Exercise directions :: I'd like the full listing transcribed exactly, with no images included.

Provided material ::
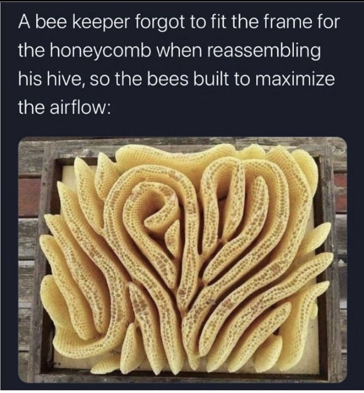 Den här bilden är för läcker, hur bina valde att forma sina kakor när odlaren glömde sätta i mellanväggar. 😍
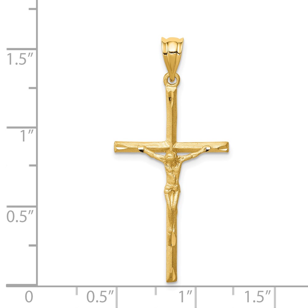 14K Brushed and Diamond-cut Crucifix Cross Pendant
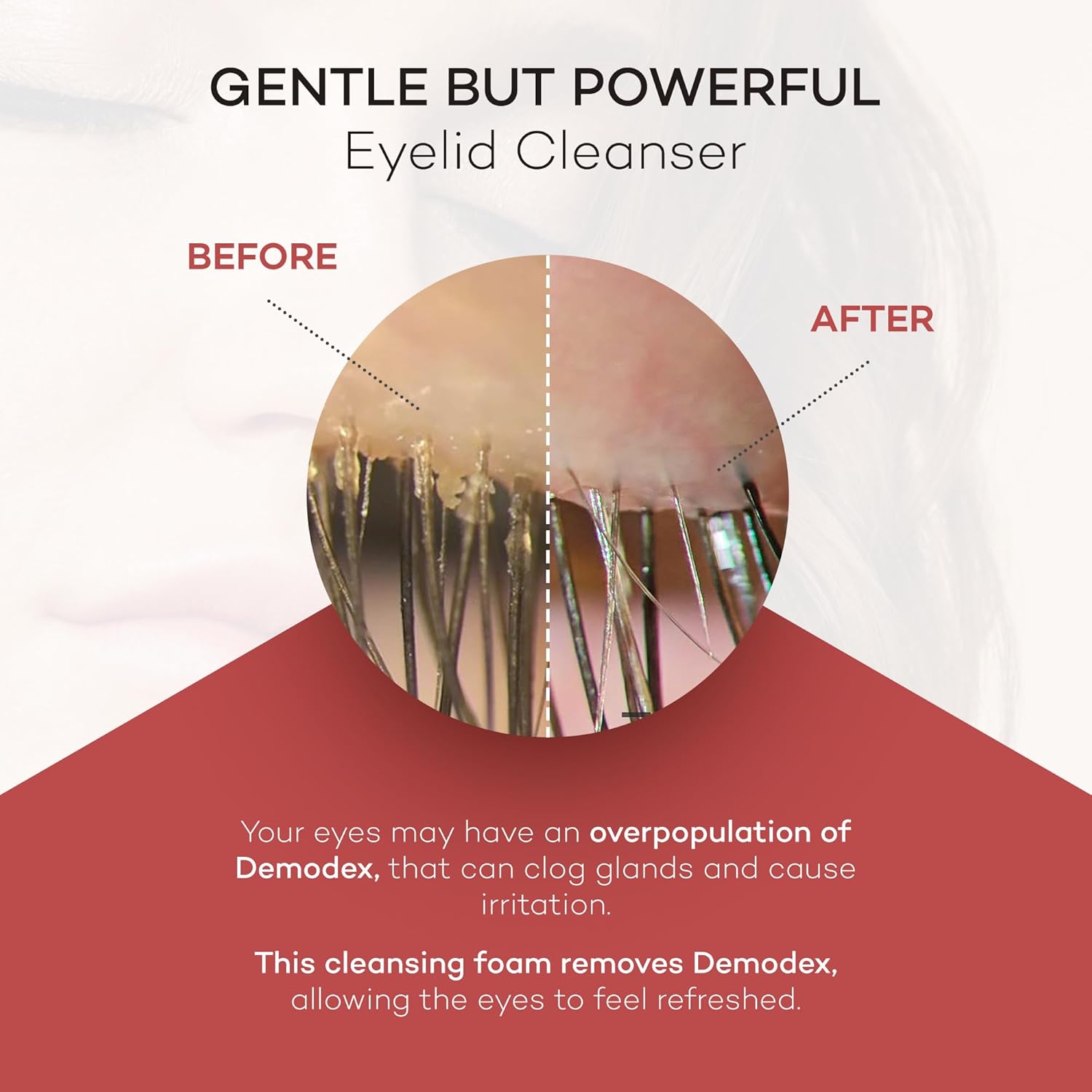 - A gentle but powerful eyelid cleanser leaves dry eyes feeling refreshed and energized. Your eyes may have an tartar-like biofilm residue that can clog glands and cause irritation. This foam removes eyelid residues, allowing the eyes to feel refreshed.

Written solution ::
 Den här bilden är för läcker, hur bina valde att forma sina kakor när odlaren glömde sätta i mellanväggar. 😍
 14K Brushed and Diamond-cut Crucifix Cross Pendant
 - A gentle but powerful eyelid cleanser leaves dry eyes feeling refreshed and energized. Your eyes may have an tartar-like biofilm residue that can clog glands and cause irritation. This foam removes eyelid residues, allowing the eyes to feel refreshed.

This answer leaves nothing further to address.